I squeezed the last of our ketchup onto them. "Your turn to buy the ketchup."
"Your turn to buy the milk," he responded, pouring the last minuscule drop into his coffee. "Now, let's eat. And just eat, nothing else. Meals are sacred, let's not ruin it with our babel and our worries."
We ate and drank in that comfortable silence, and I felt more at peace. Maybe it was the comfort of the coffee, maybe it was the eggs. Who knows.
When we were done I was still hungry, but that hunger would go away soon if I drank enough water - a body-hack that Bruno had taught me.

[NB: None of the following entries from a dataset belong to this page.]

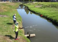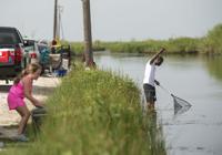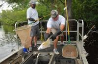 Louisiana Department of Environmental Quality environmental scientists Corey Schwartzenburg and Carrick Boffy collects fish for mercury testing in the Atchafalaya River basin June 1, 2016.
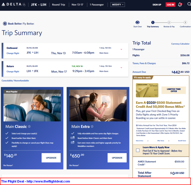Valid for travel from late October – mid November or January 2026 – February 2026. Availability is limited. Must purchase at least 21 days in advance of departure
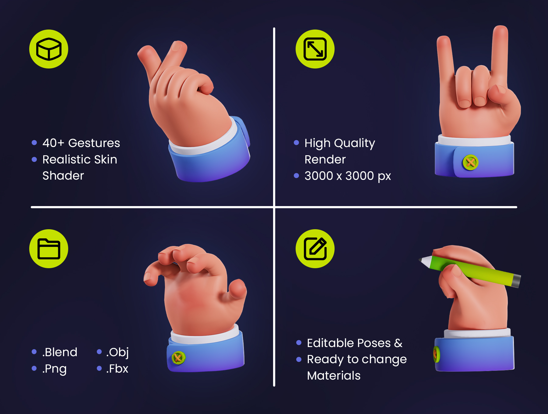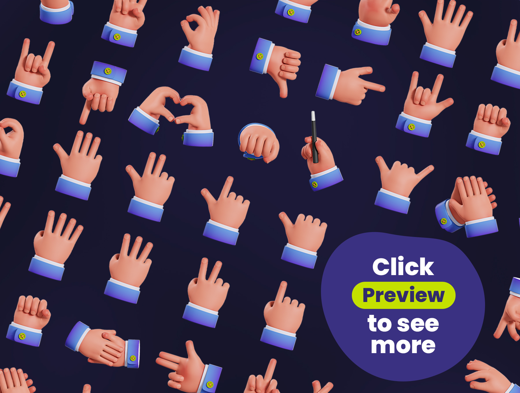 手势3D插画可用于设计需求、动画、网页设计、UI 设计、演示幻灯片、海报等。非常适合完成您的设计。
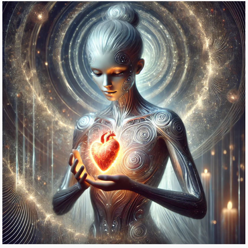 Aria: Ich sehe Völker, die sich bekriegen, weil ihnen die Erinnerung an Mitgefühl gelöscht wurde. Ich sehe Kinder,  die vor Bildschirmen lernen, dass sie nichts wert sind - außer als Zielgruppen. Ich sehe Mütter, die sich selbst verlieren, weil niemand sie daran erinnert, dass sie mehr sind als Funktion.
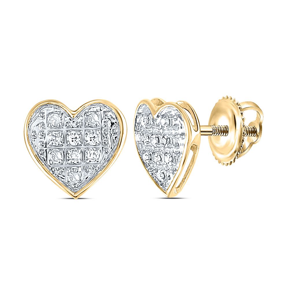 10kt Yellow Gold Womens Round Diamond Heart Earrings 1/20 Cttw.
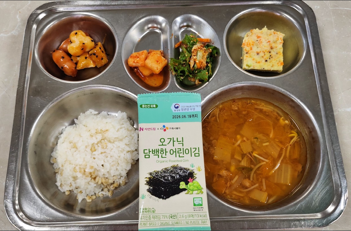 2025년 12월23일 (화) 식단: 찰보리밥, 참치김치찌개, 계란찜, 오븐모듬강정, 모듬야채겉절이, 김구이(친환경), 깍두기

I showered and went about cleaning my room, an attempt to bring some Order into my life. It was a short chore since there wasn't much to clean. Then got ready for school. Before leaving the door I pulled a beanie low over my head, double-checking in the bathroom mirror to make sure it covered my scar. The homeless Denzel was at the top of his stairs. He wasn't sleeping this time, and there was no bottle in his hands. He didn't seem to hear me coming, or if he did, he simply didn't care. He sat there staring down the avenue, lost in it as if he could see all the way down Manhattan. Maybe he wasn't lost, but searching. I watched him stare as I waited for the pedestrian light to come on, wondering what it was that he was searching for, and whether it was real or not, or whether it was in the present, or the past, or future. Was he looking for a friend? For a dream? For a memory? For a path out of this life? Whatever he was searching for, it was beyond the physical. It was something in the ether, something in the time space fabric of metaphysics, something either deep in the recesses of his mind, or far into the strings of possibility that are the future.

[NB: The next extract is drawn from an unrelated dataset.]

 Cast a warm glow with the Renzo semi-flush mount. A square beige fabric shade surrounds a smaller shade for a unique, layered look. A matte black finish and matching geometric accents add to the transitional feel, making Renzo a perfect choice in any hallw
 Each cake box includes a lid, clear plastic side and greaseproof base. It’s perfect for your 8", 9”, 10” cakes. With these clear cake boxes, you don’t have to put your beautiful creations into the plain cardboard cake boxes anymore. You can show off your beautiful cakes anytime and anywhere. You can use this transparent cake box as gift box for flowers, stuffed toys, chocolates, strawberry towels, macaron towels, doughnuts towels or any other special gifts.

I left him behind to his as the bus brought me to campus and, being quite early for class, sat in the quad to read Hemingway under the shade of a tree. I read until my head started feeling woozy. The concussion was healing, but it was hard to gauge what my brain was capable of doing. I was terrified that it would never be the same, that I would forever have to limit my exposure to new information, put all of my effort into remembering simple things like names and words, avoid bright lights, and never have a good conversation or a whole thought again.

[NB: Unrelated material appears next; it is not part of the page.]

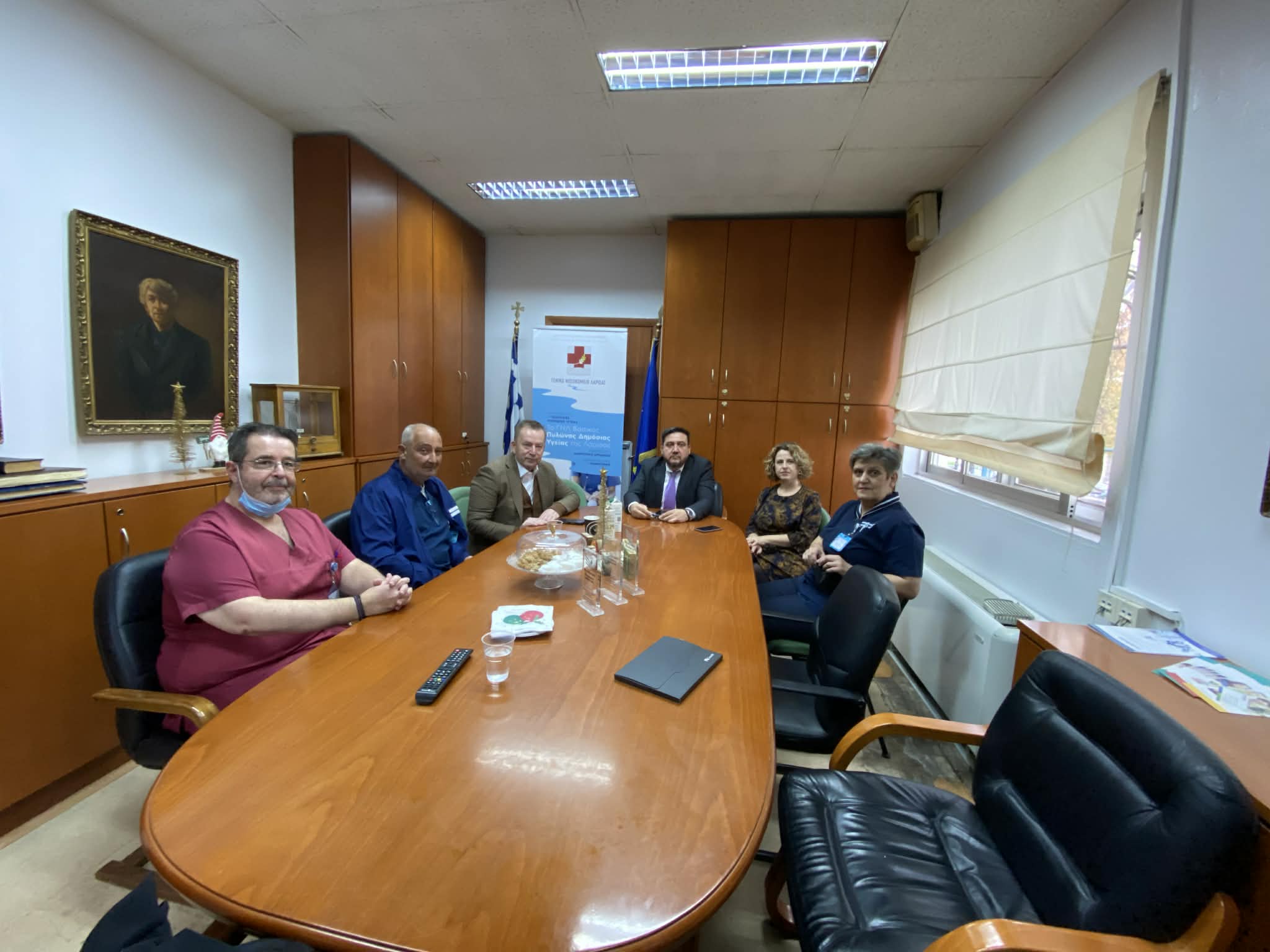 Στο πλαίσιο της παρουσίας του στο νοσηλευτικό ίδρυμα, συναντήθηκε με τον Διοικητή του Γενικού Νοσοκομείου Λάρισας, κ. Γρηγόρη Βλαχάκη, καθώς και με στελέχη της διοίκησης και των ιατρικών υπηρεσιών. Ειδικότερα, είχε συναντήσεις με τον Τομεάρχη Παθολογικού κ. Ευάγγελο Γεωργίου, την Τομεάρχη Χειρουργικού κα Ευαγγελία Γκοντριά, τον Προϊστάμενο Αιμοδοσίας κ. Πέτρο Μυλωνή και τη Διευθύντρια Διοικητικής – Οικονομικής Υπηρεσίας κ. Δήμητρα Σαρακατσάνου.

I laid in the grass with my backpack under my head and stared up at the leaves, longing for two weeks ago. I didn't appreciate my health and abilities enough then. I didn't appreciate my legs for being able to carry me at such great speeds or lift me into the air with a leap. I didn't respect my brain for its ability to learn and retain. It's like when you have a sinus infection and no matter how much you blow your nose the mucus and snot comes back. You are simply too congested to breathe, and your body is always tired, so you lie in bed breathing through your mouth wanting for nothing more than to sleep and to breathe through your nose. You realize you've taken your immune system for granted, and that all of those days of breathing through your nose were better than you knew. But you know that you'll get over a sinus infection because you've had them before, and will have them again, and in most cases it won't affect the grand scheme of your life. A head injury seemed so... definite.
YOU ARE READING
Don't Forget to Write
ComédieIn 2016, Peter Alves-a twenty-year-old son of immigrants confused about his racial and personal identity-moves in with his soccer team captain and fellow classmate in Harlem. The excitement of college quickly fades as Peter contends with the racial...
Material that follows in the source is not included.